Work instructions:
An exact copy of every entry is needed, without the pictures.

Available data:
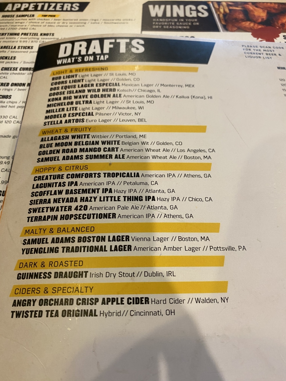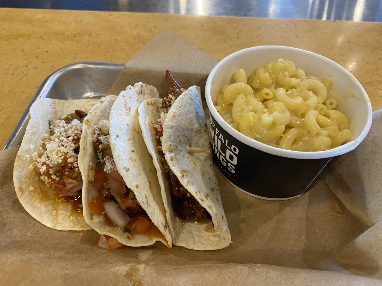 アトランタ空港のコンコースDにある、ニューヨーク発祥のチキンウイングのチェーン・レストランです。プレーン・トレインの駅からエスカレータを上がって2階にあります。朝は残念ながらチキンウイングはやってません。フライトの時間まで、朝からビールと...タコス、サイドにマックンチーズ。空港内ということもありPRICEは高め、チキンウイングが無いなら次は無いかな。
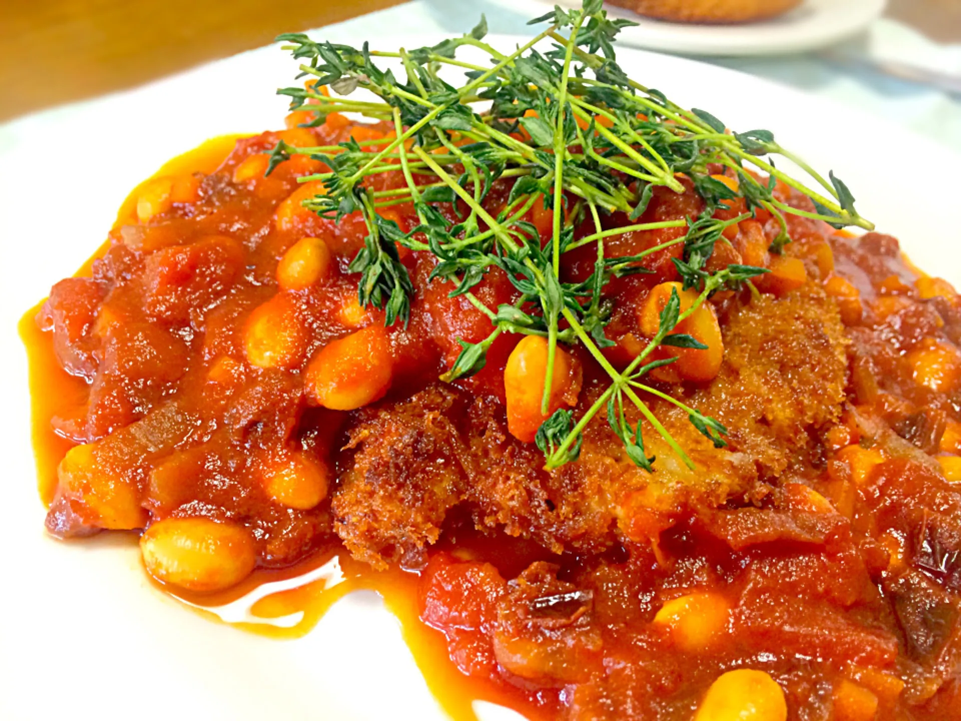 白身魚のフライ〜大豆のトマトソース添え〜
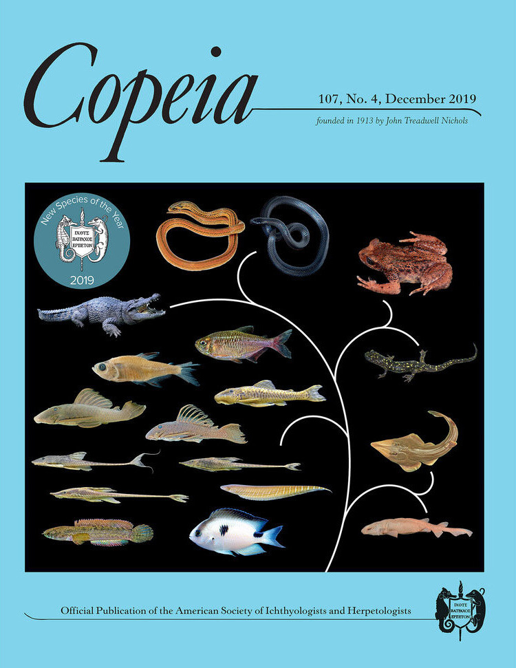 English: Copeia released their 2019 cover of the scientific journal, Copeia, to Creative Commons. The image includes the evolutionary relationships of all the new species that were described in their journal in 2019 ranging from sharks to catfishes to frogs to snakes to a new crocodile.
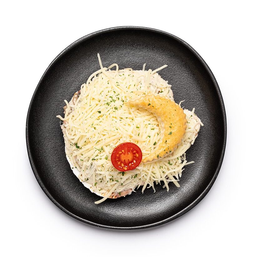 Visschelp opgevuld met een rijk assortiment aan vis, vissaus en kaas
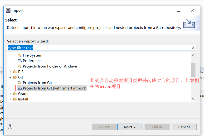 1.git 下载maven 聚合工程,这些工程没有一个统一的parent,是放在一个文件下放在git上的,通过eclipse 中git工具直接进行下载并导入到eclipse中成为maven工程,按照下图一次按照提示点next即可,注意:若是项目已经在workspase里面时不能导入成maven工程的
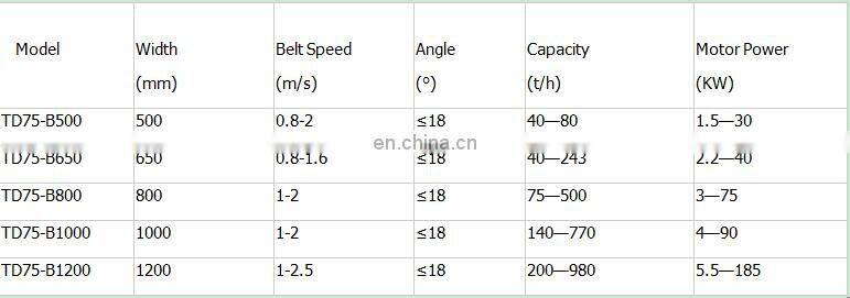 Technical Parameters of magnetic pulley belt conveyor for stone crusher
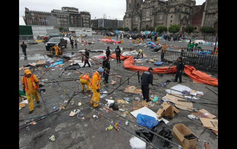 México | Trabajadores realizan labores de limpieza en la plancha Recolectan 81 toneladas de basura en el Zócalo del DF Trabajadores realizan labores de limpieza en la plancha Por: SUN 13 de septiembre de 2013 - 21:42 hs Fueron 400 trabajadores de la Dirección General de Servicios Urbanos (DGSU) quienes iniciaron las labores a partir de las 18:00 horas. NTX / CIUDAD DE MÉXICO (13/SEP/2013).- Un total de 81 toneladas de basura fueron las que se recolectaron en la plancha del zócalo capitalino, tras el retiro del plantón de los maestros de la Coordinadora Nacional de Trabajadores de la Educación (CNTE) con la intervención de la policía federal. De acuerdo con la Secretaría de Obras del DF para los trabajos de limpieza se lavó el piso y mobiliario urbano con desengrasante y líquido desinfectante. Fueron 400 trabajadores de la Dirección General de Servicios Urbanos (DGSU) quienes iniciaron las labores a partir de las 18:00 horas. Se emplearon 15 barredoras mecánicas, dos pipas de agua con capacidad de 45 mil litros cada una, dos plataformas de carga y 48 vehículos para trasladar la basura. Tras el desalojo de los maestros durante un operativo de la Policía Federal (PF) se utilizaron dos equipos de corte para quitar los lazos que sujetaban las carpas de los maestros que estuvieron en plantón desde agosto pasado. Temas Estados Ciudad de México CNTE Lee También Esta es la verdadera identidad del "Juan Gabriel" captado en París t.A.T.u anuncia concierto en México: precio de boletos y cuándo salen a la venta ¿Será obligatorio presentar la CURP biométrica para trámites escolares? Día de Muertos 2025: ¿Por qué será más caro el Pan de Muerto este año? Recibe las últimas noticias en tu e-mail Todo lo que necesitas saber para comenzar tu día Registrarse implica aceptar los Términos y Condiciones

Task output:
 アトランタ空港のコンコースDにある、ニューヨーク発祥のチキンウイングのチェーン・レストランです。プレーン・トレインの駅からエスカレータを上がって2階にあります。朝は残念ながらチキンウイングはやってません。フライトの時間まで、朝からビールと...タコス、サイドにマックンチーズ。空港内ということもありPRICEは高め、チキンウイングが無いなら次は無いかな。
 白身魚のフライ〜大豆のトマトソース添え〜
 English: Copeia released their 2019 cover of the scientific journal, Copeia, to Creative Commons. The image includes the evolutionary relationships of all the new species that were described in their journal in 2019 ranging from sharks to catfishes to frogs to snakes to a new crocodile.
 Visschelp opgevuld met een rijk assortiment aan vis, vissaus en kaas
 1.git 下载maven 聚合工程,这些工程没有一个统一的parent,是放在一个文件下放在git上的,通过eclipse 中git工具直接进行下载并导入到eclipse中成为maven工程,按照下图一次按照提示点next即可,注意:若是项目已经在workspase里面时不能导入成maven工程的
 Technical Parameters of magnetic pulley belt conveyor for stone crusher
 México | Trabajadores realizan labores de limpieza en la plancha Recolectan 81 toneladas de basura en el Zócalo del DF Trabajadores realizan labores de limpieza en la plancha Por: SUN 13 de septiembre de 2013 - 21:42 hs Fueron 400 trabajadores de la Dirección General de Servicios Urbanos (DGSU) quienes iniciaron las labores a partir de las 18:00 horas. NTX / CIUDAD DE MÉXICO (13/SEP/2013).- Un total de 81 toneladas de basura fueron las que se recolectaron en la plancha del zócalo capitalino, tras el retiro del plantón de los maestros de la Coordinadora Nacional de Trabajadores de la Educación (CNTE) con la intervención de la policía federal. De acuerdo con la Secretaría de Obras del DF para los trabajos de limpieza se lavó el piso y mobiliario urbano con desengrasante y líquido desinfectante. Fueron 400 trabajadores de la Dirección General de Servicios Urbanos (DGSU) quienes iniciaron las labores a partir de las 18:00 horas. Se emplearon 15 barredoras mecánicas, dos pipas de agua con capacidad de 45 mil litros cada una, dos plataformas de carga y 48 vehículos para trasladar la basura. Tras el desalojo de los maestros durante un operativo de la Policía Federal (PF) se utilizaron dos equipos de corte para quitar los lazos que sujetaban las carpas de los maestros que estuvieron en plantón desde agosto pasado. Temas Estados Ciudad de México CNTE Lee También Esta es la verdadera identidad del "Juan Gabriel" captado en París t.A.T.u anuncia concierto en México: precio de boletos y cuándo salen a la venta ¿Será obligatorio presentar la CURP biométrica para trámites escolares? Día de Muertos 2025: ¿Por qué será más caro el Pan de Muerto este año? Recibe las últimas noticias en tu e-mail Todo lo que necesitas saber para comenzar tu día Registrarse implica aceptar los Términos y Condiciones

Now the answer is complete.